Other alternatives to explain the low environmental influence could be differences in growth rates, delayed response of phytoplankton to environmental changes, or the effect of important drivers that we did not measure, such as zooplankton grazing that occasionally could be a major controlling factor in floodplain lakes (Frau 2021). At least for these two lakes we can assume that grazing was not a relevant controlling factor during the study period. Indeed, in a previous work made in the isolated lake (Mirador Lake), Frau et al. (2015) showed that zooplankton was dominated by microphagous rotifers and did not affect phytoplankton structure. In Frau et al. (2017), we also found that high abundances of planktivorous fish control zooplankton and these in turn cannot control phytoplankton. Unpublished data for the connected lake (Irupé Lake) also suggests a similar pattern considering that microphagous rotifers also dominated the zooplankton assemblage during the study period (M.F. Gutierrez, personal communication).

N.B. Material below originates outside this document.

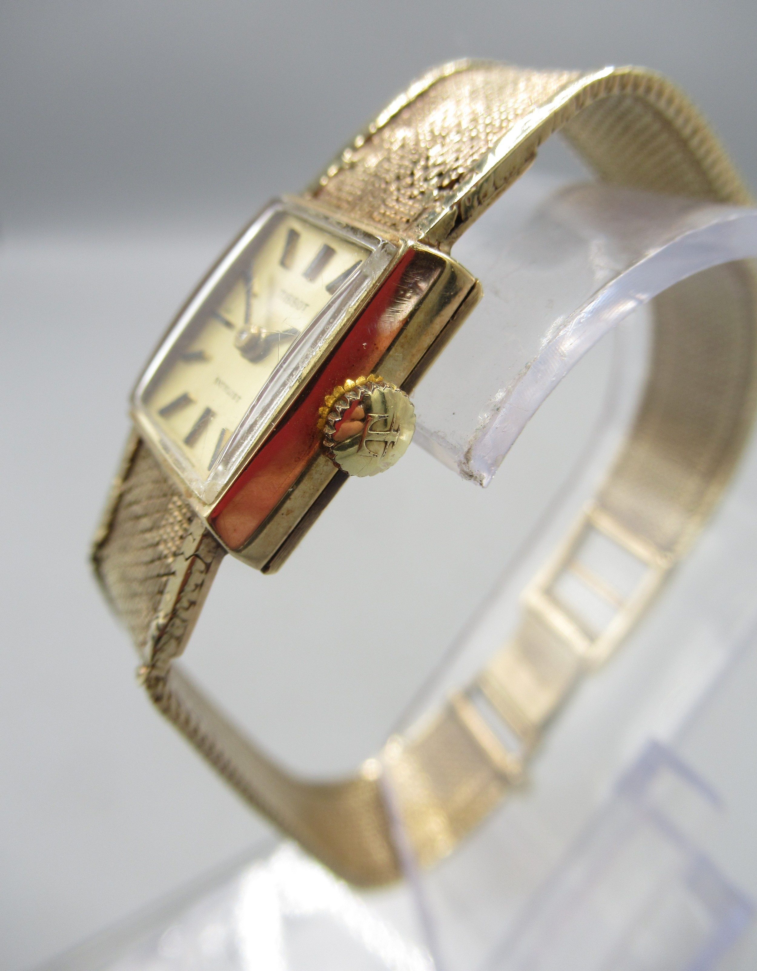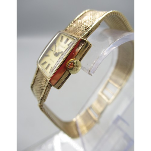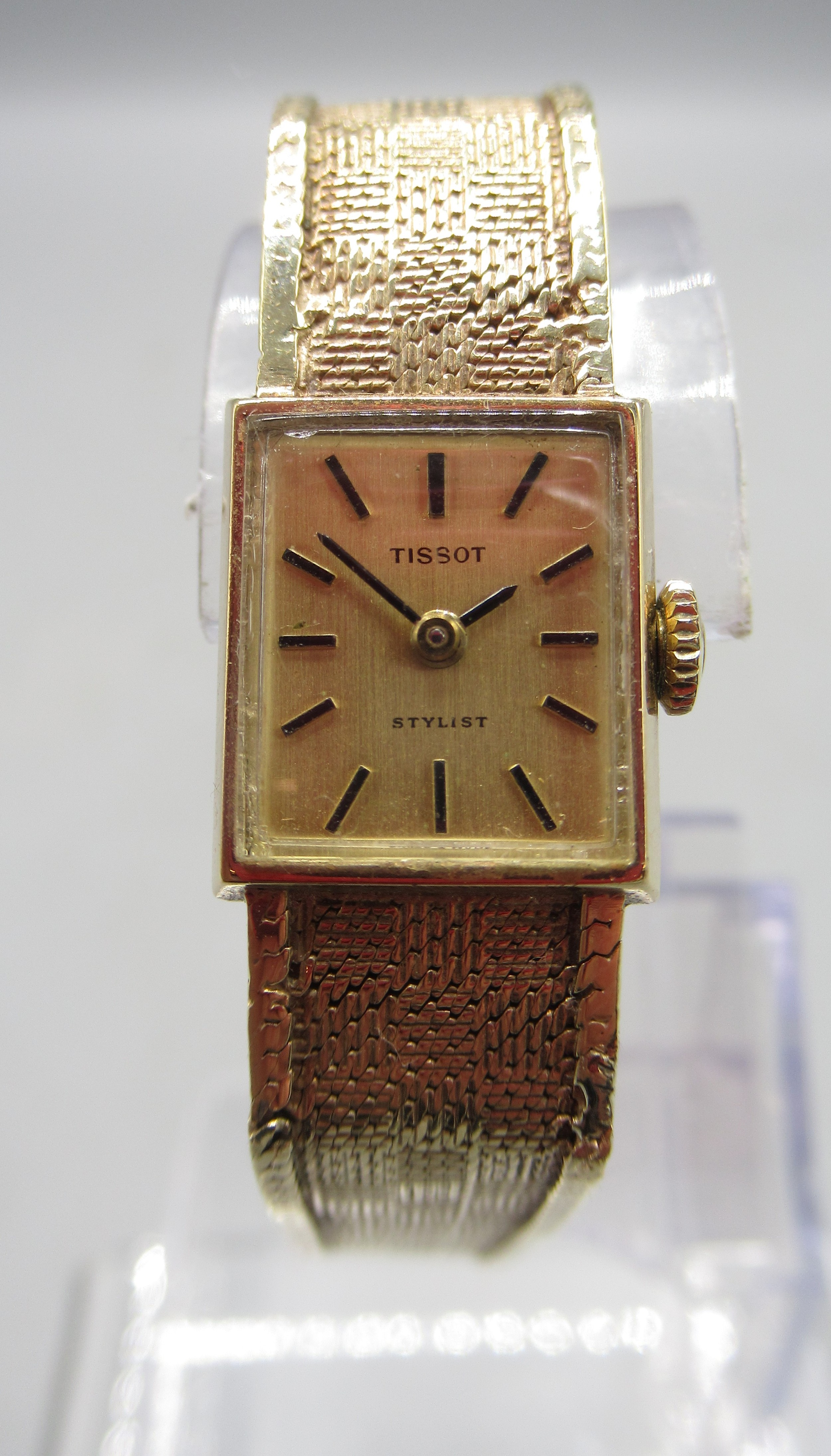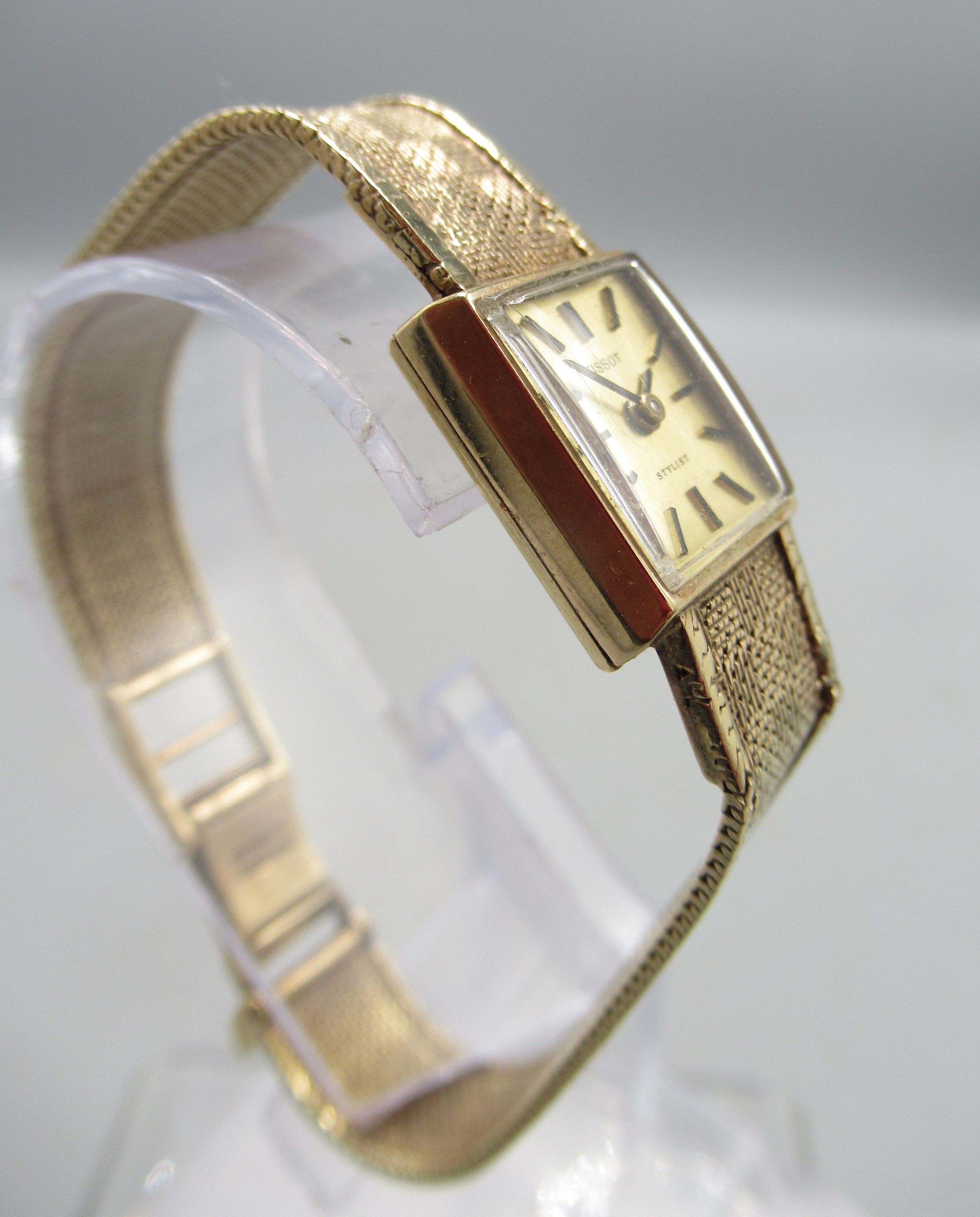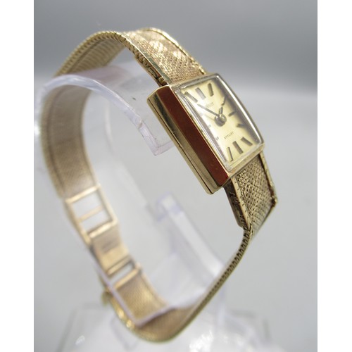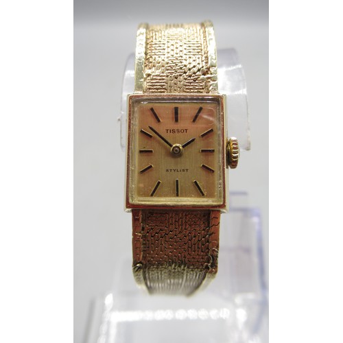 Tissot Stylist ladies 9ct gold wristwatch on integrated fine mesh bracelet, stamped .375, signed champagne dial with baton indices, signed snap on case back no. 1061/75202, Birmingham 1970, Tissot 17 jewel unadjusted movement, no. 11671263, gross weight 19.6g, D14.3mm

The evidence compiled by other authors about the factors that control phytoplankton composition and beta diversity still requires intensive study considering that the results obtained may depend on the spatial extent (Heino et al. 2015; Bortolini et al. 2017). Some studies have shown that the phytoplankton composition is controlled by only pure environmental effects (Vanormelingen et al. 2008; Padial et al. 2014; Bortolini et al. 2017), or both environmental and spatial effects (Soininen et al. 2007; Teittinen et al. 2016; Devercelli et al. 2016). In comparison, others have shown that neither environmental nor spatial effects structured phytoplankton communities (Beisner et al. 2006; Nabout et al. 2009). While most studies approach the effect of environment or environment and space, few studies have included the temporal influence as another proxy of processes that depend on time. In this study, we found that temporal changes unrelated to environmental variations were more critical for phytoplankton structuring than the environment. These results are consistent with Pineda et al. (2019) and de Fátima Bomfim et al. (2021), which also analyzed the dynamics of connected and disconnected lakes and found a relatively high relevance of temporal changes on the structure of phytoplankton communities.

Conclusions

In this study, we described the phytoplankton diversity patterns in two shallow lakes from a subtropical region with contrasting connectivity to a fluvial system, as well as environmental and temporal drivers. As we expected, alfa diversity was more relevant for gamma diversity in the isolated lake. At the same time, the change of species among samplings could be more relevant in the connected lake. We also found that even though environmental factors are suitable descriptors of phytoplankton diversity, other temporal factors could be more important drivers. Indeed, although the temporal variation of the phytoplankton community associated with changes in environmental conditions (i.e., temporal succession) has been studied for a long time, our results suggest that other temporal factors not related to environmental changes may have relevance as controlling factors of phytoplankton diversity, at least in these two shallow lakes. We are aware that our results may be limited in their generalization because we only considered two lakes from a vast alluvial plain which is the Paraná River System. However, a highlight of this approach is the role that temporal factors may play in the structuration of the phytoplankton assemblages. All of this suggests novel and exciting new research avenues to follow in plankton research.